▶ Aim of the exercise: The records that follow are to be printed exactly, with no images.

*** Records provided Section Begins ***

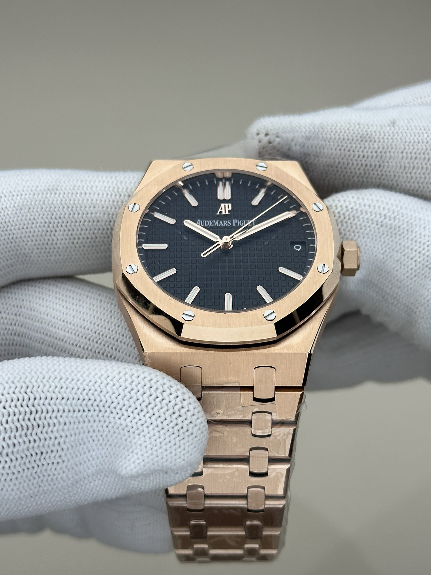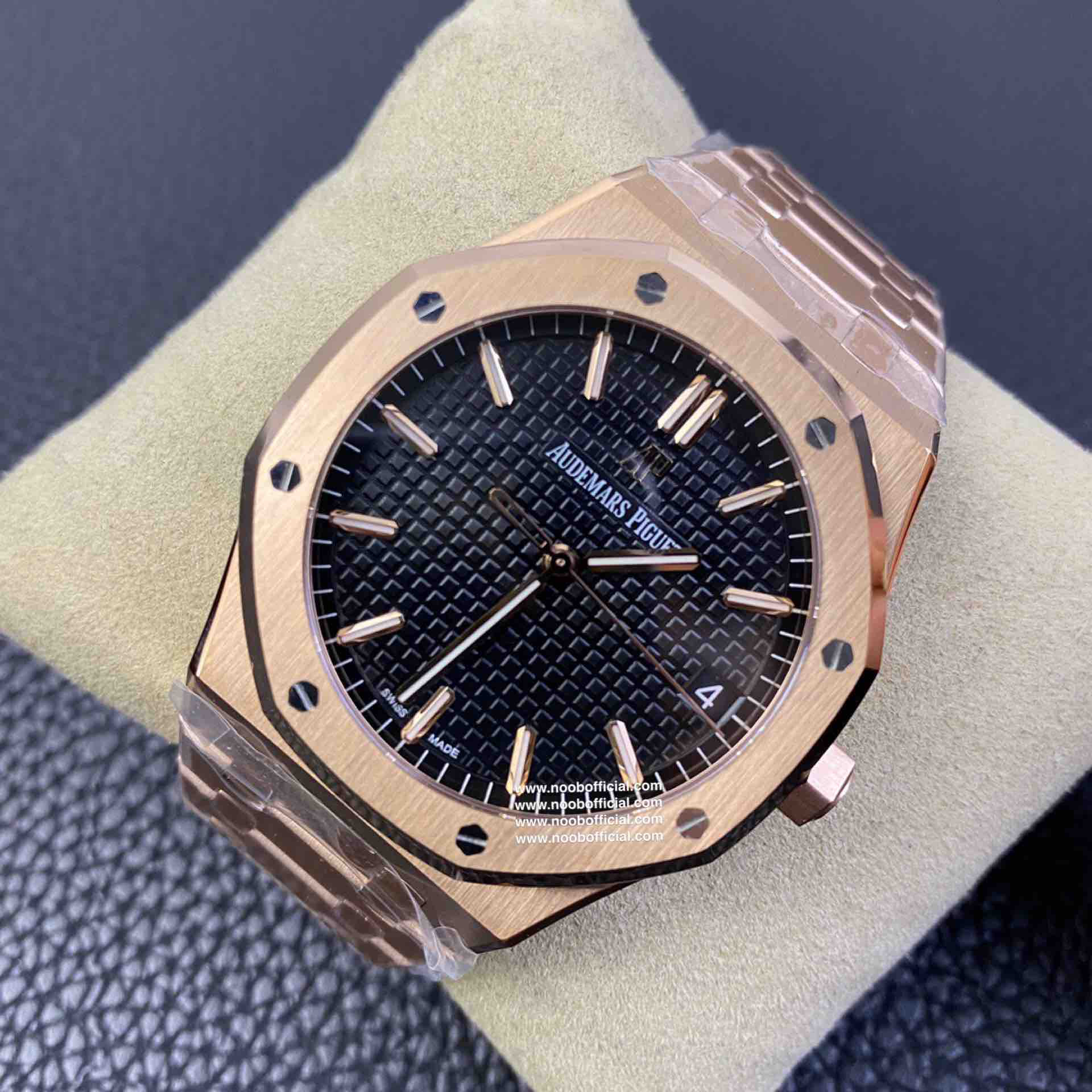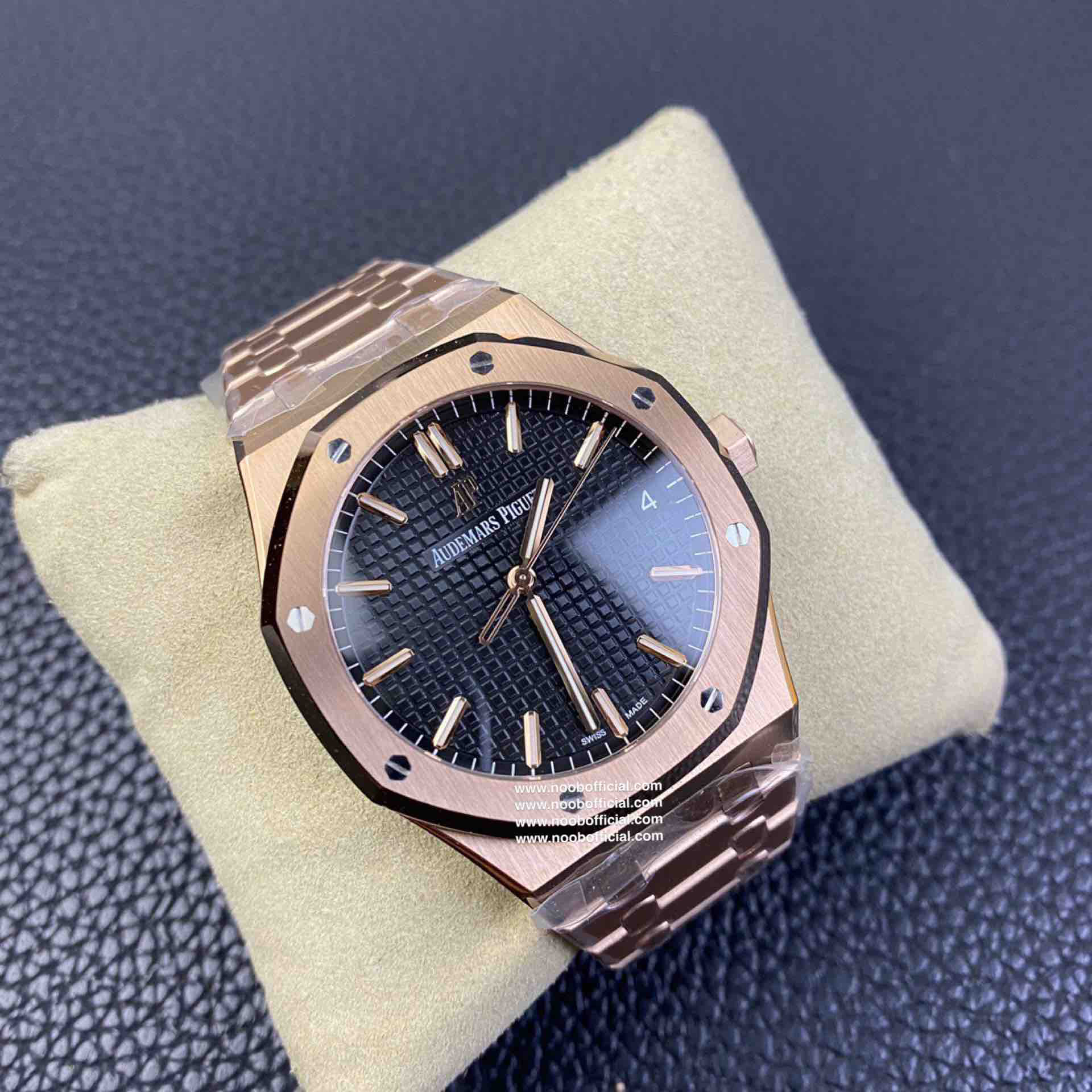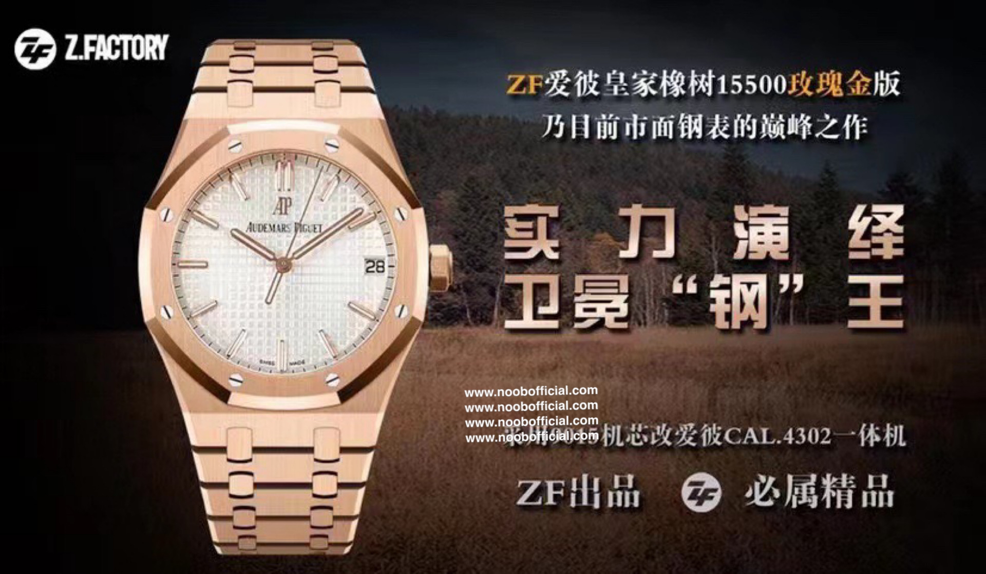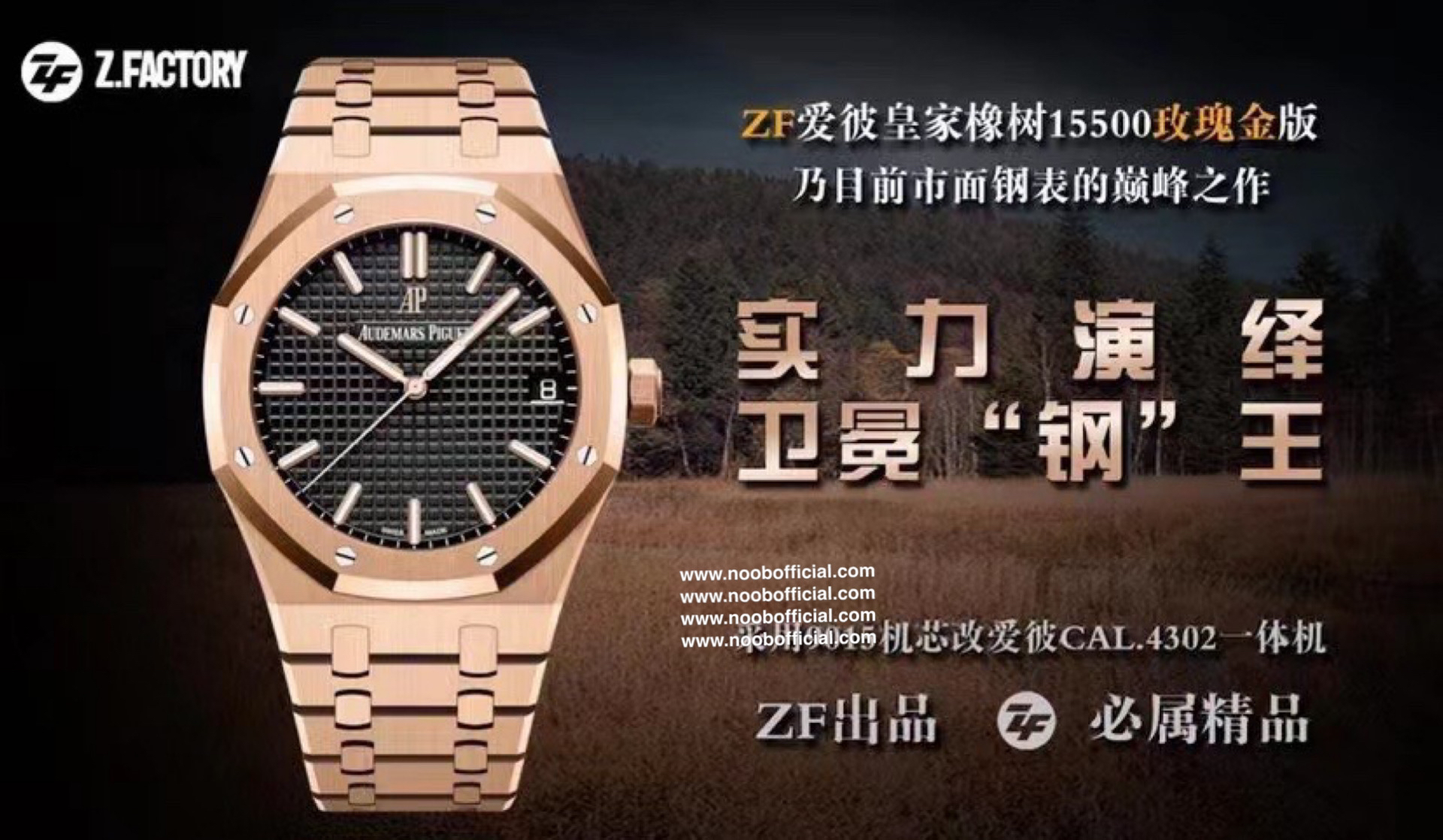 ZF皇家橡树15500玫瑰金黑盘 乃目前市面钢表的巅峰之作,—— 实力演绎 卫冕"钢"王!【6大精妙之处】1.正品拆解开模,尺寸为41X10.4毫米与正品一致!2.完全还原正品表壳的每一处细节,尽显正品"棱角分明 坚毅果敢"的阳刚气质。3.钢带的做工无可挑剔,比市面上任何钢带表做工均要更上一层楼,钢带头粒和表头衔接的"缓冲带"的松紧程度与正品一模一样。4.自动陀的与原装致敬,是市面唯一做到颜色于原装一致的版本(市面一般版本均偏红)其上的ap族徽雕刻独一无二。5.打破夹板概念,采用原装进口9015机芯改爱彼CAL.4302一体机!更稳定,更优秀,更真实。6.表盘的"饼干纹理"立体饱满,精神抖擞!绝非普通小厂一般失魂落魄。体验精妙 感受不同!
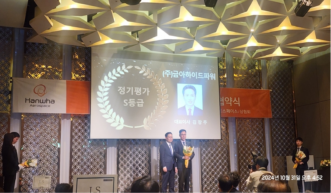 금아하이드파워는 한화에어로스페이스 정기평가 S등급을 받아 우수협력사 수상하였다.
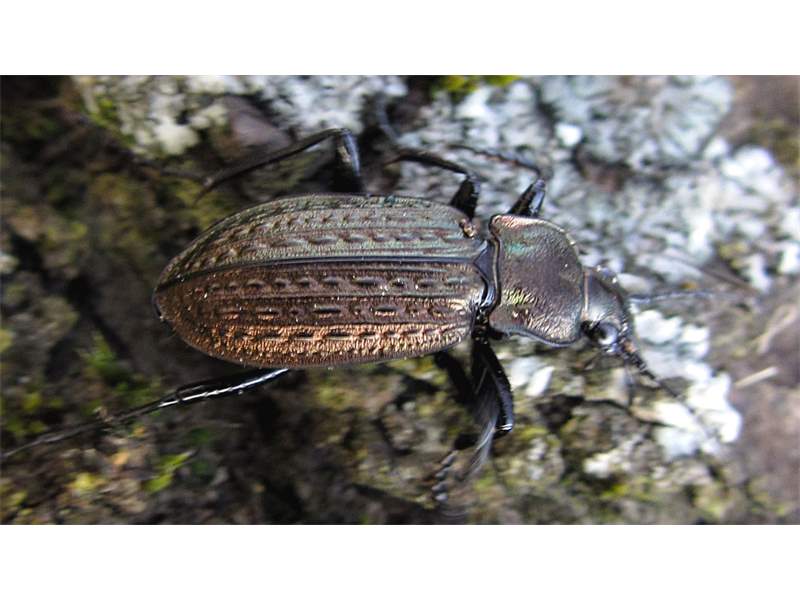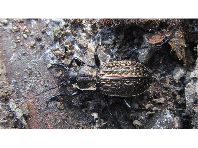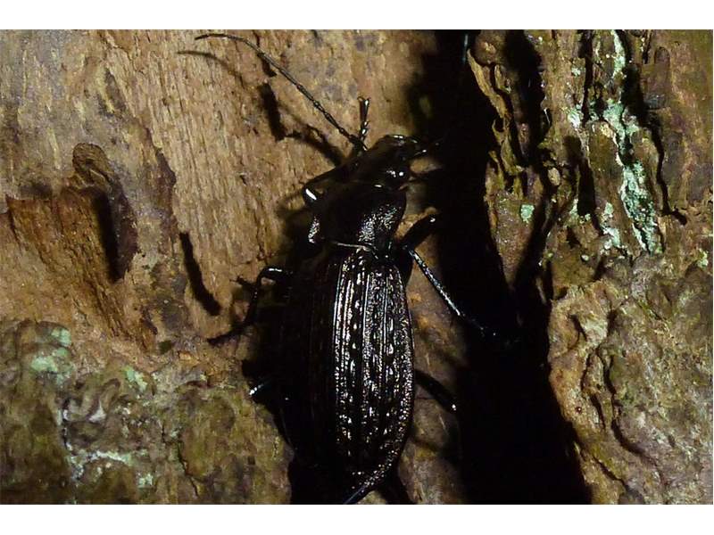 Carabus granulatus in der Gemarkung Hohenprießnitz, Muldeaue, auf vermodernden Stamm einer Flatterulme (Ulmus laevis), März 2014 (© Michael Happ)( Bild vergrößern)
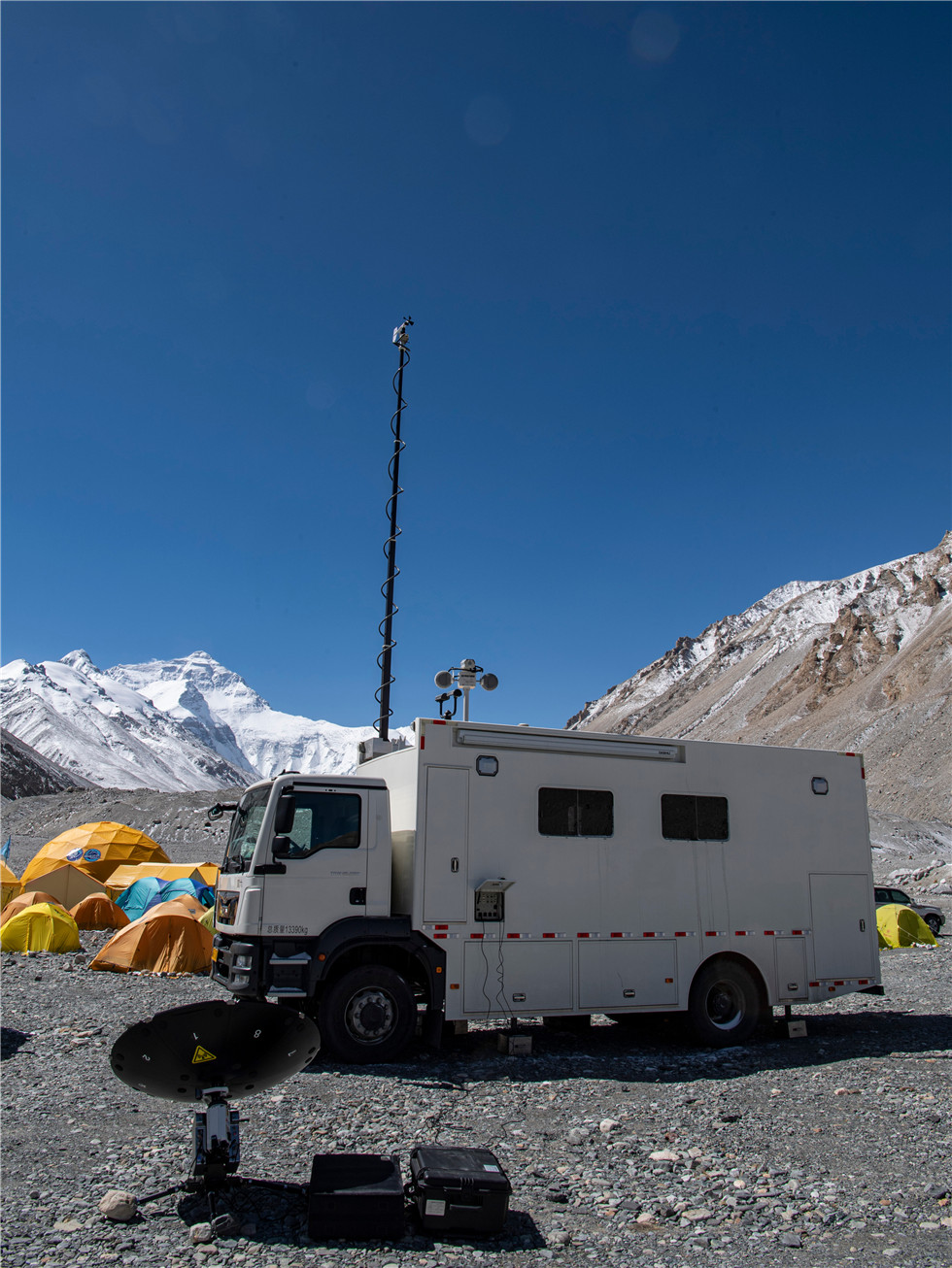 这是珠峰登山大本营的气象应急保障车(5月3日摄)。
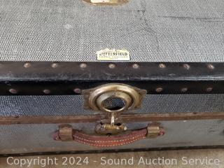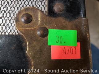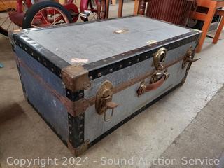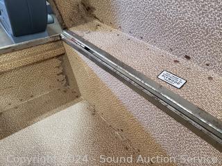 Refer to photos for lot contents. Leather handles, missing locking mechanism. Various scuffs, wear to finish. 12" x 30" x 16".

*** Records provided Section Ends ***

▶ Solution to this problem:
 ZF皇家橡树15500玫瑰金黑盘 乃目前市面钢表的巅峰之作,—— 实力演绎 卫冕"钢"王!【6大精妙之处】1.正品拆解开模,尺寸为41X10.4毫米与正品一致!2.完全还原正品表壳的每一处细节,尽显正品"棱角分明 坚毅果敢"的阳刚气质。3.钢带的做工无可挑剔,比市面上任何钢带表做工均要更上一层楼,钢带头粒和表头衔接的"缓冲带"的松紧程度与正品一模一样。4.自动陀的与原装致敬,是市面唯一做到颜色于原装一致的版本(市面一般版本均偏红)其上的ap族徽雕刻独一无二。5.打破夹板概念,采用原装进口9015机芯改爱彼CAL.4302一体机!更稳定,更优秀,更真实。6.表盘的"饼干纹理"立体饱满,精神抖擞!绝非普通小厂一般失魂落魄。体验精妙 感受不同!
 금아하이드파워는 한화에어로스페이스 정기평가 S등급을 받아 우수협력사 수상하였다.
 Carabus granulatus in der Gemarkung Hohenprießnitz, Muldeaue, auf vermodernden Stamm einer Flatterulme (Ulmus laevis), März 2014 (© Michael Happ)( Bild vergrößern)
 这是珠峰登山大本营的气象应急保障车(5月3日摄)。
 Refer to photos for lot contents. Leather handles, missing locking mechanism. Various scuffs, wear to finish. 12" x 30" x 16".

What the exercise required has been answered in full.